*Required action*. Omit the pictures and output exactly the lines from the start of the entries through the line containing "Il y a en fait".

------------------------------------------------

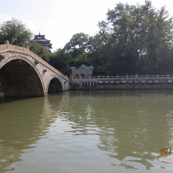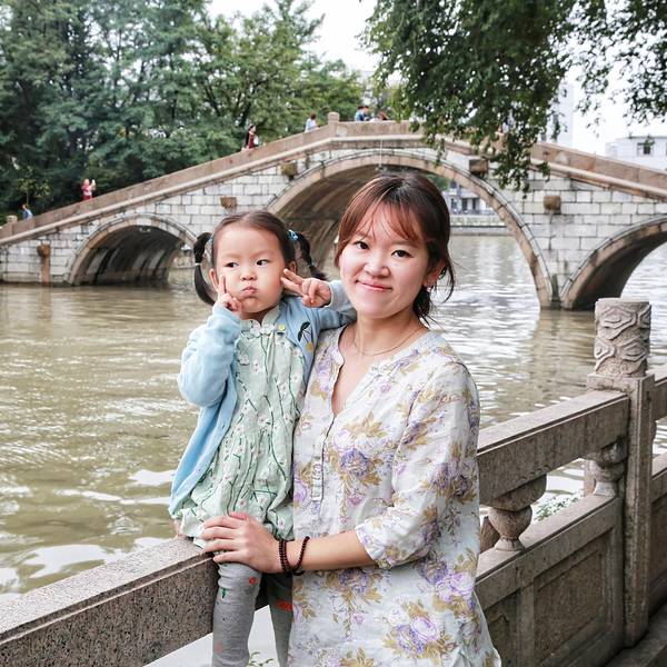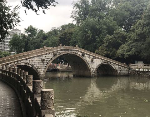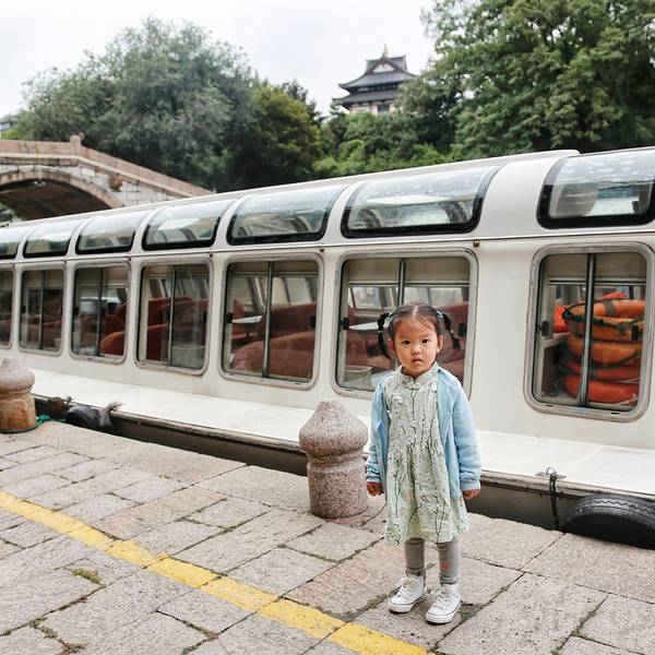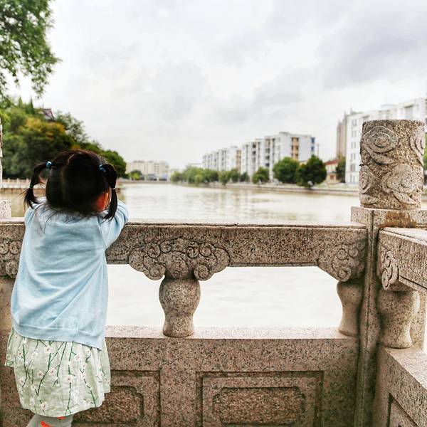 圆嘟嘟的小脸,在想什么呢?我们家暖暖超级喜欢被抱,这里是难得让她自己走了一会。以充满年代感的斑驳石墙做背景,和这个小小的人儿形成对比。公园里面的水域仅此一处,也是被绿色环绕,一圈湖石,玲珑通透。中式园林顶顶讲究山(石)水的比例,诺大的公园里,水就只有这么一点,乍看之下似乎是不合比例。实际上独具匠心的造园者巧妙地将园外古运河的水“借”进园内,充分体现了园林艺术中的“借景”手法。整个公园由一个三面环水的半岛和古运河中的半月岛组成,运河之水也成为公园景致的一部分。从这个角度看过去,水面开阔,河水与白云都是不舍昼夜的流淌,她趴着看了好久。看着她凝视的背影,不知道暖暖此刻是否与我有一样的感慨。御码头,这就是乾隆皇帝当年停泊的地方。有两种船可乘,一种是全玻璃封闭的观光游船,一种是仿画舫。做攻略的时候,看到有“ 三河 三园“的路线,若是不赶时间,还可以选择从这里乘船去恐龙园,应该也别有一番风情。小朋友的点真的很难懂,今天一照相就捂脸不配合的暖暖,在这里竟然主动要求照相 。1986年拓宽京杭运河 常州 市区段,因舣舟亭临河处改道,形成了一个运河环抱,形似水中月亮的“半月岛”,还将常州最古老的三孔石拱桥——广济桥整体迁移到这里。岛上围绕缅怀东坡先生的主题 新建 和修复了很多景观。然后又遇到一个友善的小姐姐,小朋友的世界好神奇,暖暖走过去看她玩了一会,然后跟在小姐姐身后跑来跑去的,然后就玩到一起去了。数一数,有多少栏杆吧,挨个蹭一遍,我为衣袖心疼30秒。其实进入公园之前就已经被这座桥美到了,就在路边,却仿佛是另一个朝代另一个时空。有老者在钓鱼,闲适无比。
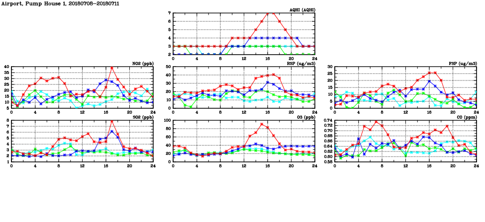 | Air Quality Data Time Series in Airport, Pump House 1 (2018/07/11) | ( Line colors: Day -3 Day -2 Day -1 Current day ) | 2D Map Current AQHI |
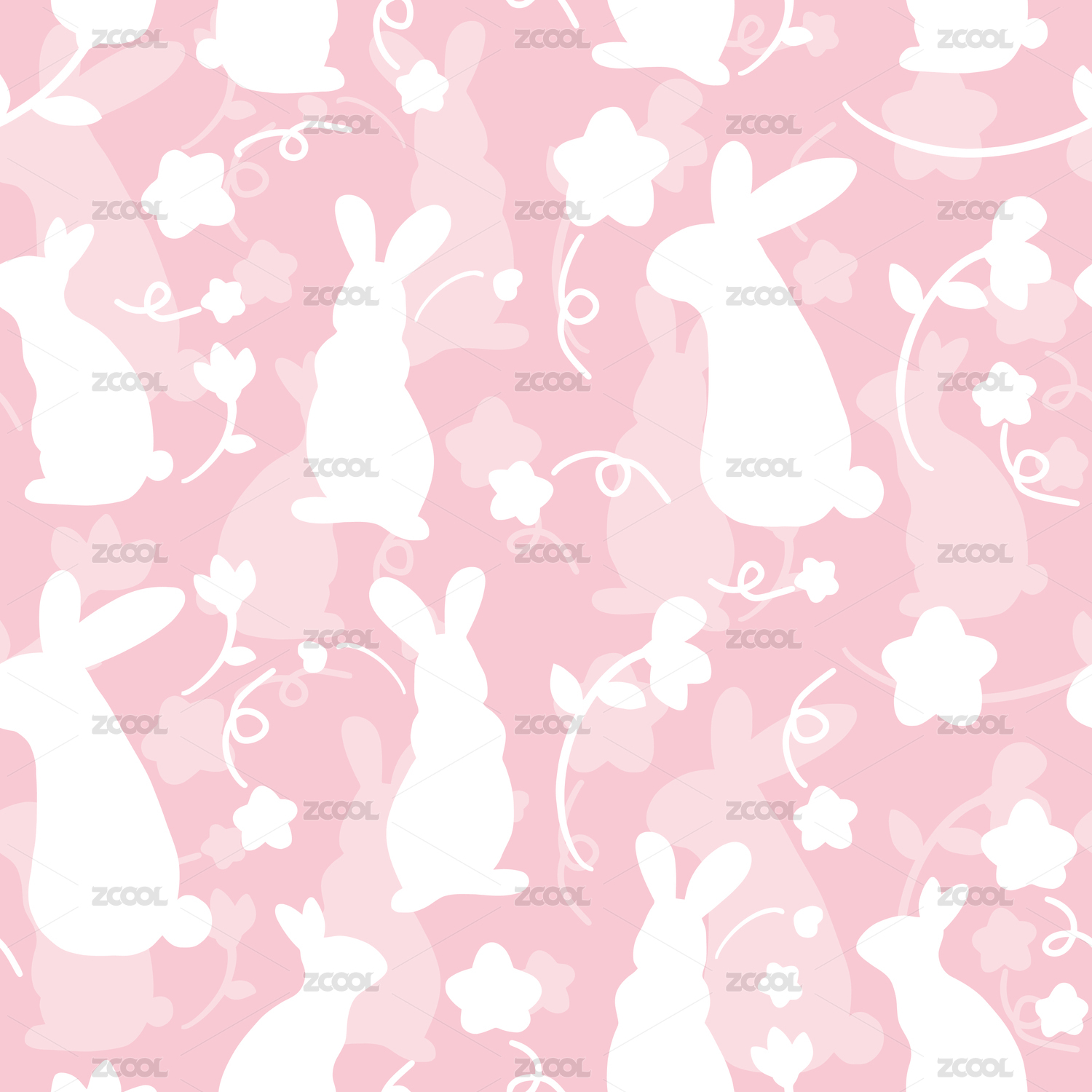粉色底可爱爱心小兔子矢量插画无缝壁纸背景
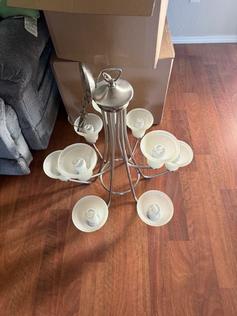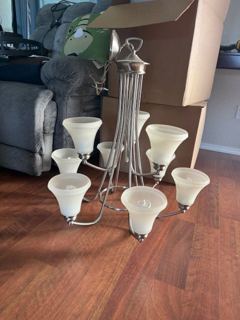 VenmoUsed Brushed Nickle Hanging chandelier. Has 9 lights with shades and CFL Bulbs. Works Great. See pics for measurements.
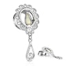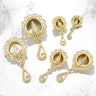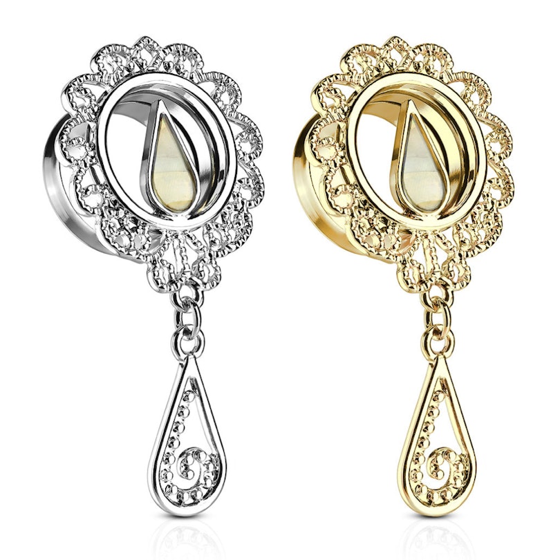 Il y a en fait deux gouttes sur ce bijou. L'une qui pend librement sous le tunnel dans un petit anneau et l'autre coincée à l'intérieur du tunnel, qui a également une nacre incrusté. Autour du tunnel, une guirlande de petits bras bizarres forme un joli motif en filigrane.
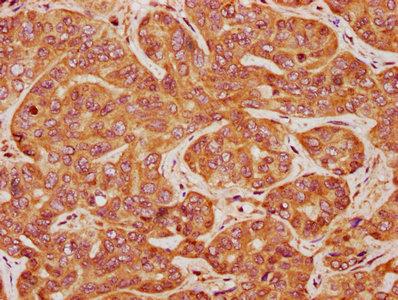 IHC image of CSB-PA747623LA01HU diluted at 1:500 and staining in paraffin-embedded human liver cancer performed on a Leica BondTM system. After dewaxing and hydration, antigen retrieval was mediated by high pressure in a citrate buffer (pH 6.0). Section was blocked with 10% normal goat serum 30min at RT. Then primary antibody (1% BSA) was incubated at 4°C overnight. The primary is detected by a biotinylated secondary antibody and visualized using an HRP conjugated SP system.

------------------------------------------------

*Written solution*.
 圆嘟嘟的小脸,在想什么呢?我们家暖暖超级喜欢被抱,这里是难得让她自己走了一会。以充满年代感的斑驳石墙做背景,和这个小小的人儿形成对比。公园里面的水域仅此一处,也是被绿色环绕,一圈湖石,玲珑通透。中式园林顶顶讲究山(石)水的比例,诺大的公园里,水就只有这么一点,乍看之下似乎是不合比例。实际上独具匠心的造园者巧妙地将园外古运河的水“借”进园内,充分体现了园林艺术中的“借景”手法。整个公园由一个三面环水的半岛和古运河中的半月岛组成,运河之水也成为公园景致的一部分。从这个角度看过去,水面开阔,河水与白云都是不舍昼夜的流淌,她趴着看了好久。看着她凝视的背影,不知道暖暖此刻是否与我有一样的感慨。御码头,这就是乾隆皇帝当年停泊的地方。有两种船可乘,一种是全玻璃封闭的观光游船,一种是仿画舫。做攻略的时候,看到有“ 三河 三园“的路线,若是不赶时间,还可以选择从这里乘船去恐龙园,应该也别有一番风情。小朋友的点真的很难懂,今天一照相就捂脸不配合的暖暖,在这里竟然主动要求照相 。1986年拓宽京杭运河 常州 市区段,因舣舟亭临河处改道,形成了一个运河环抱,形似水中月亮的“半月岛”,还将常州最古老的三孔石拱桥——广济桥整体迁移到这里。岛上围绕缅怀东坡先生的主题 新建 和修复了很多景观。然后又遇到一个友善的小姐姐,小朋友的世界好神奇,暖暖走过去看她玩了一会,然后跟在小姐姐身后跑来跑去的,然后就玩到一起去了。数一数,有多少栏杆吧,挨个蹭一遍,我为衣袖心疼30秒。其实进入公园之前就已经被这座桥美到了,就在路边,却仿佛是另一个朝代另一个时空。有老者在钓鱼,闲适无比。
 | Air Quality Data Time Series in Airport, Pump House 1 (2018/07/11) | ( Line colors: Day -3 Day -2 Day -1 Current day ) | 2D Map Current AQHI |
粉色底可爱爱心小兔子矢量插画无缝壁纸背景
 VenmoUsed Brushed Nickle Hanging chandelier. Has 9 lights with shades and CFL Bulbs. Works Great. See pics for measurements.
 Il y a en fait deux gouttes sur ce bijou. L'une qui pend librement sous le tunnel dans un petit anneau et l'autre coincée à l'intérieur du tunnel, qui a également une nacre incrusté. Autour du tunnel, une guirlande de petits bras bizarres forme un joli motif en filigrane.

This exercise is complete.